_What you need to do_
Reproduce the material below only from the line with "Красивая синичка – лазоревка." to the line with "2 Vue du château depuis la porte d'Angoulême", both included, keeping each line exact and dropping the pictures.

Record excerpts Start Marker

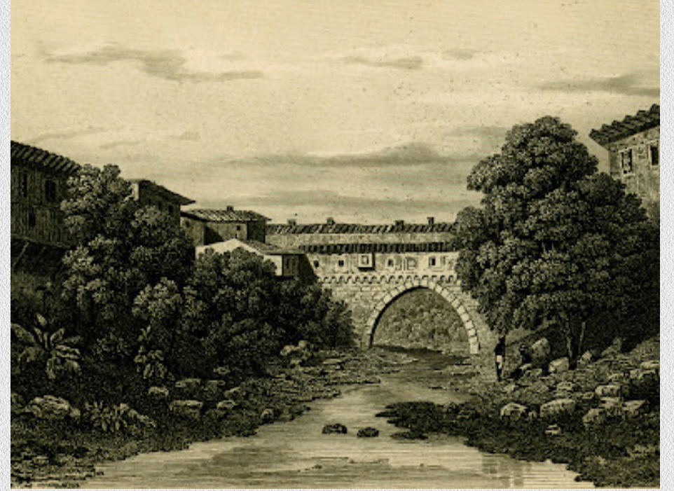
Gezgin Charles Texier Gravürü

Irgandı Köprüsü, yüzyıllar boyunca geçen süreçte yangınlar, depremler ve savaşlarla zarar görmüş ancak ilk formunu koruyamasa da günümüze değerli ayakta kalmayı başarmıştır. 1855 yılında yaşanan büyük depremde üstünde bulunan çarşılar büyük ölçüde yıkılmıştır. Köprü, en büyük yıkımı ise Millî Mücadele döneminde yaşar. 1922 yılında işgal kuvvetleri Bursa'dan çekilirken, Irgandı Köprüsü'nü dinamitleyerek tamamen tahrip etmiştir. 1949 yılında üstündeki çarşısı ve özgün yapısı dikkate alınmadan, sadece iki yakayı bağlamak amaçlı olarak yeniden yapılmıştır.
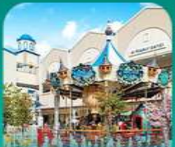
ลือตเต็ เอ้าท์เก็ต
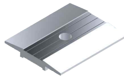
Chapa trava Grampos Intermediários
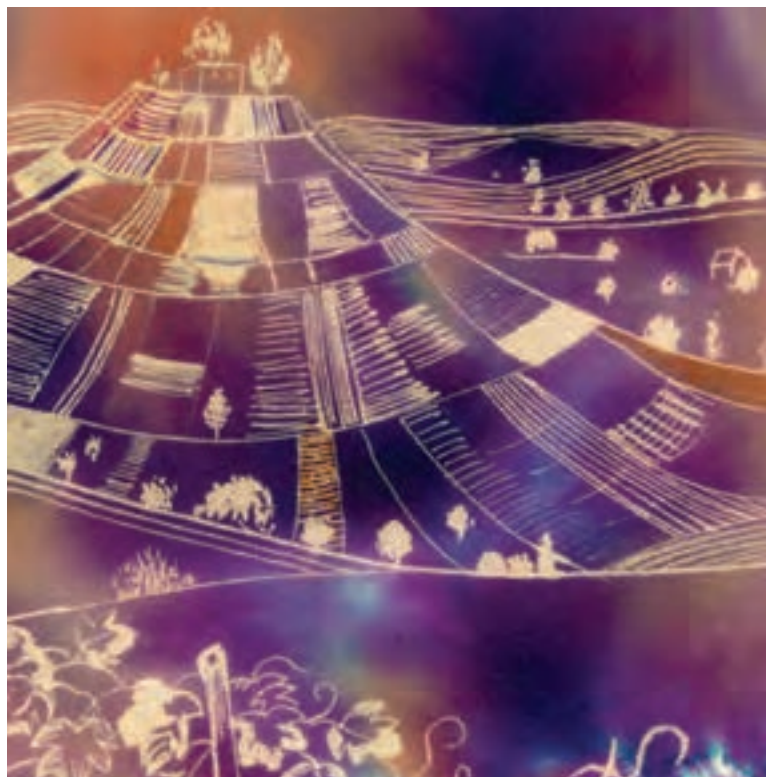
▲ تصویر ۵۷- ب - اثر دانشجو مهناز سیداختیاری
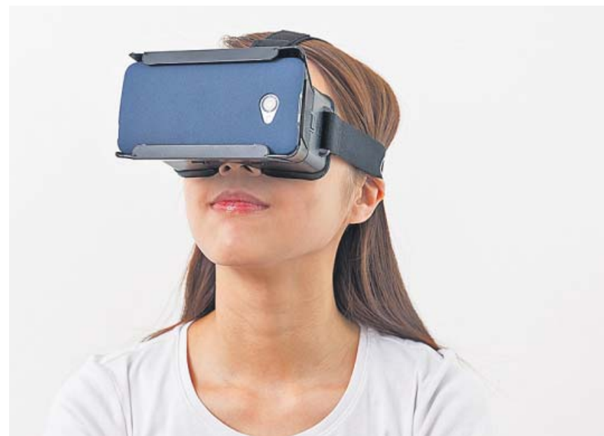
Está especialmente indicada en niños, a los que les cuesta más gestionar el miedo.

Si quieres conocer las últimas noticias sobre el caso Huawei visita nuestra web 20minutos.es
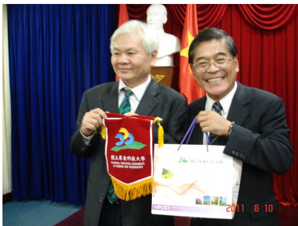
古校長代表本校敬贈法藍瓷及錦旗予胡志明市越南國家大學校長(左)及副校長(右)
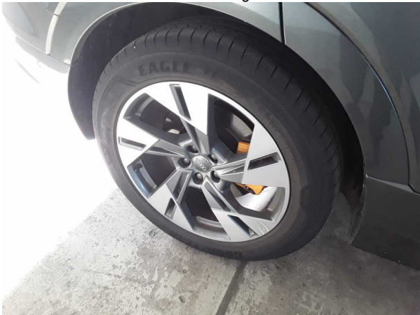
Beschädigung #2: Rad/Reifen: Leichtmetallfelge hinten rechts - verkratzt / verschürft - Wertminderung
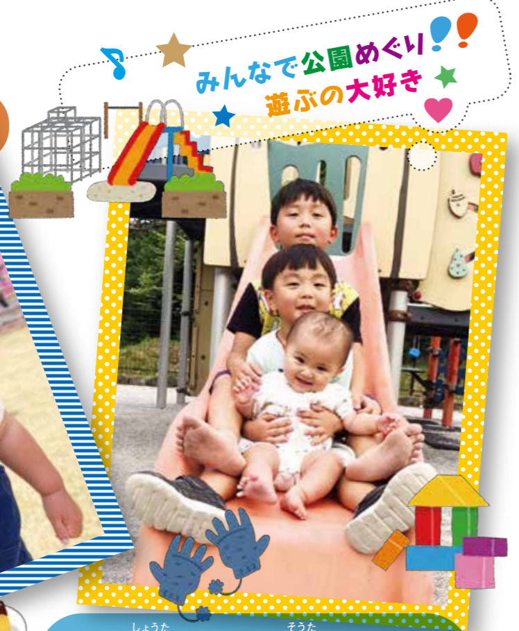
みんなで公園めぐり! 遊ぶの大好き
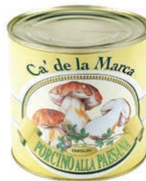
FUG200 FUNGHI ALLA PAESANA 3/1
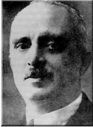
1. sz. kép Giulio Douhet

A koncepcióalkotásban az első jelentős eredmény az olasz GIULIO DOUHET 3 tábornok nevéhez köthető, aki „ A légi uralom ”-című könyvében megalkotta a korlátlan légi háború teóriáját, egy önálló légi hadsereg (légierő) vízióját, amelynek fő feladata a légi uralom
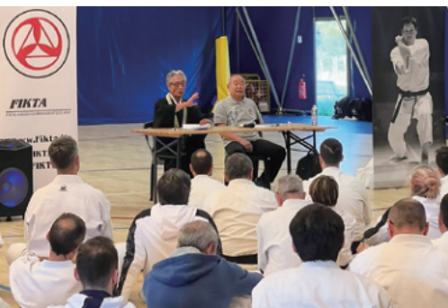
ミラノでの講話会
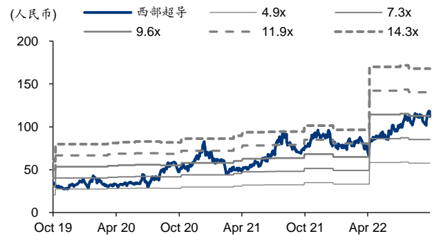
图表3: 西部超导 PB-Bands
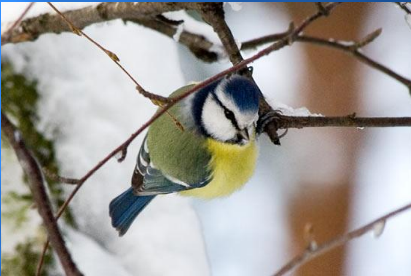
Красивая синичка – лазоревка.
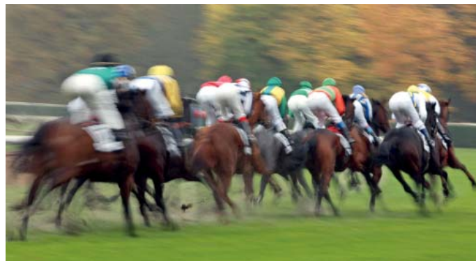
Mit 60 km/h stürmen die Galopper auf die Ziellinie zu
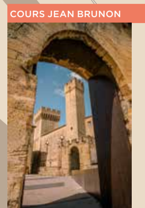
2 Vue du château depuis la porte d'Angoulême
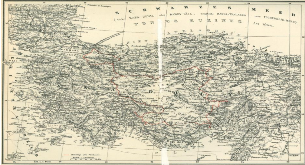
Şekil 6: Schweinitz'in Orta Anadolu seyahati esnasında takip ettiği rota (Kaynak: Hans Hermann Schweinitz, in Kleinasien, Ein Reitusflug durch das Innere Kleasiens im Jahre 1905 , Dietrich Reimer, Berlin 1906)

Kont Schweinitz bu seyahatin ardından 21 Temmuz 1908 tarihinde Alman sefaretinden bir başka izin daha istedi. 1905 yılında irade-i seniyye ile Konya ve Ankara civarında seyahat eden kontu bu defa Batum'dan Trabzon'a, oradan Erzincan, Harput, Diyarbakır, Musul, Bağdat tarihiyle Basra Körfezi'ne kadar bir seyahat icra edebilmesi ve ilmî araştırmalarda bulunabilmesi için kolaylık sağlanmasına dair gerekli tavsiyemelerin verilmesi yönünde iltimas edilmesi isteniyordu. 4 Ağustos 1908'de Doğu Karadeniz'den başlayıp Doğu Anadolu üzerinden Irak ve Suriye'yi içine alarak Basra Körfezi'ne kadar uzanacak bu ikinci seyahat için de irade-i seniyye sadır oldu. 6 Yazar bu seyahatini, 1910 Yılında Türkistan ve İran'ın Kuzeydoğusu'na Oryantalist Seyahat ismiyle kitaplaştırdı. 7 Schweinitz'in Deutsch-Ost-Afrika in Krieg und Frieden, 1894 (Alman Doğu Afrika Savaşı ve Barış, 1894) ve Helenendorf. Eine deutsche Kolonie im Kaukasus, 1910 (Helen köyü. Kafkasya'da bir Alman sömürgesi, 1910) isimli iki eseri daha mevcuttur.
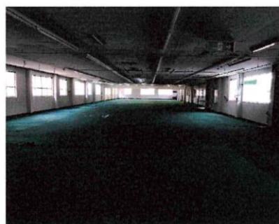
8 東から見た作業場
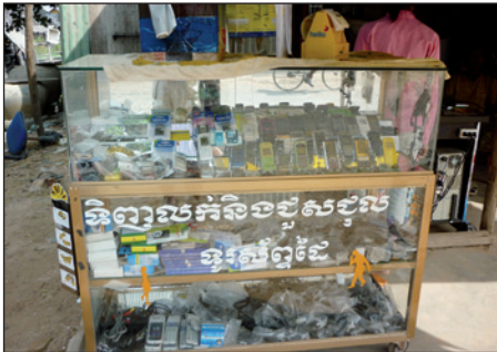
Kampong Chamissa kadunvarressa Nokia lähtee halvalla

Olimme saapuneet Indokiinan köyhimpään, mutta ympäristöltään rikkaimpaan Laosin demokraattiseen tasavaltaan, jonka metsät elävät hyvää elämää ja jossa on suunnattoman runsas lajisto. Metsiä ei
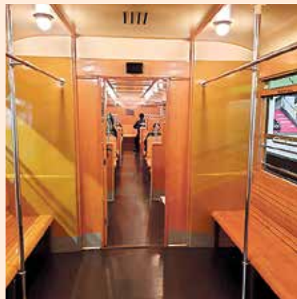
Nostalgischer Charme in historischen Sonderzügen.
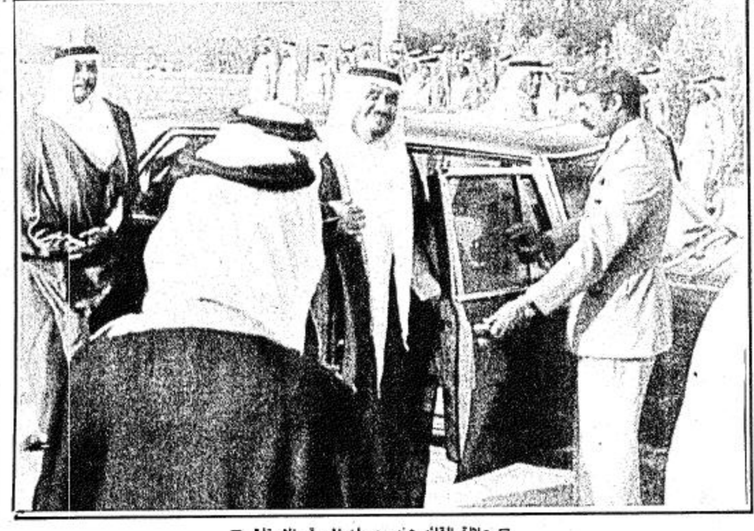
□ جلالة القائد عند وصوله الى مقر الاحتفال □

تطوير الخدمات الطبية السعودية في اتفاقية البرية
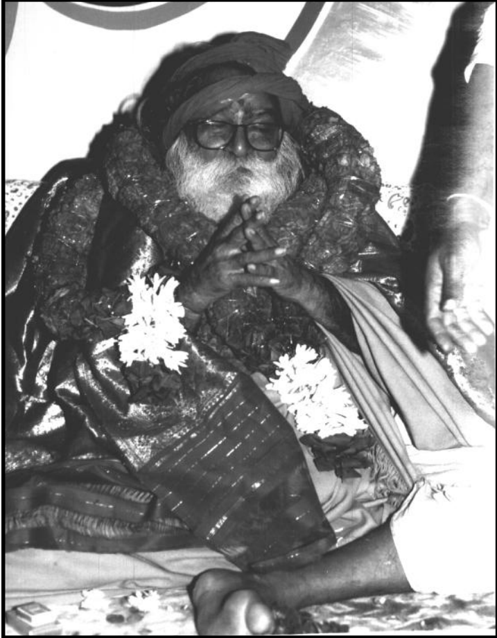
Yogiji couvert de fleurs et de châles le jour du Dipam (5 décembre 1995)
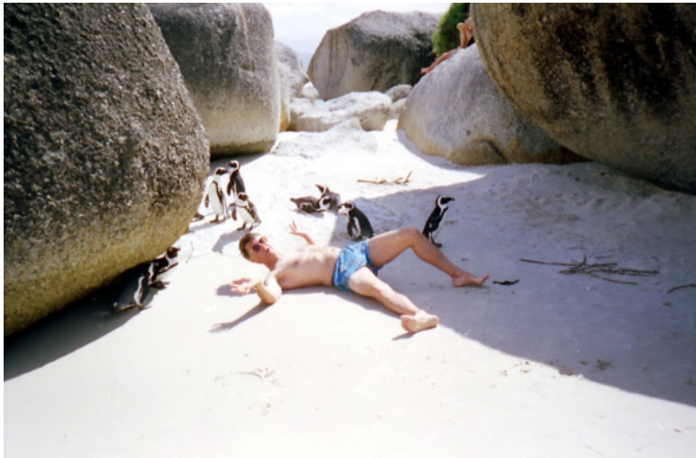
2. Среди пингвинов на пляже Боулдерс в городе Саймонс Таун
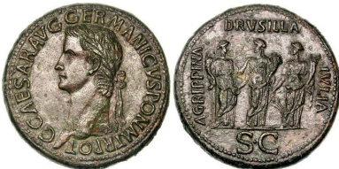
Denier à l'effigie de Caligula
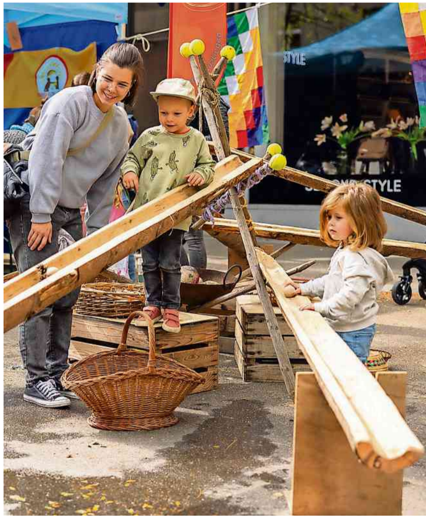
Am Samstag, 21. September, findet auf dem Boulevard das Spielstrassen-Fest statt.
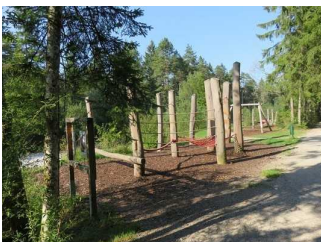
Spielgeräte / Station

Bewegungsfläche vor der Station/dem Objekt/Exponat - Breite: 200 cm.
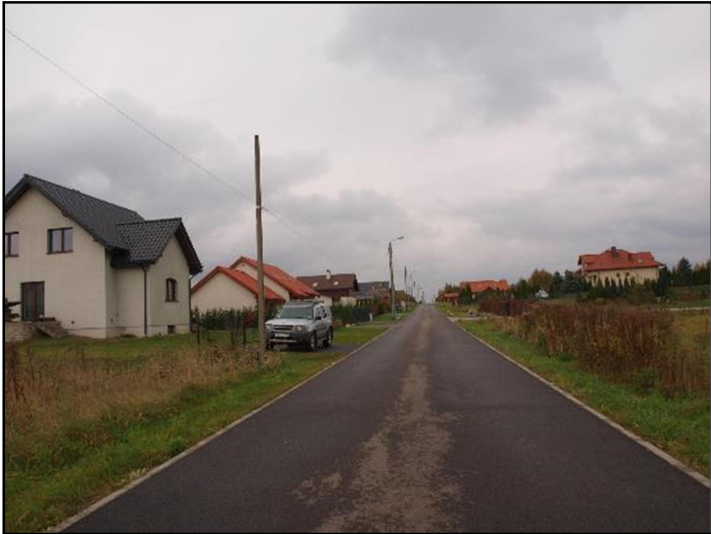
Fot. 10 Ul. Bartnicza w północno-wschodniej części obszaru
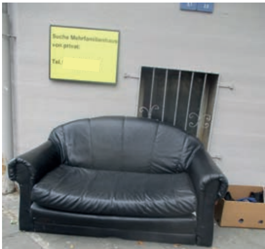
gesehen auf der Marienburger Straße

Das arme Sofa warf man hinaus. Wo soll es denn nun bleiben? Es sucht ein Mehrfamilienhaus. Man kann's auch übertreiben.

Record excerpts End Marker

_Solution for this problem_
Красивая синичка – лазоревка.
Mit 60 km/h stürmen die Galopper auf die Ziellinie zu
2 Vue du château depuis la porte d'Angoulême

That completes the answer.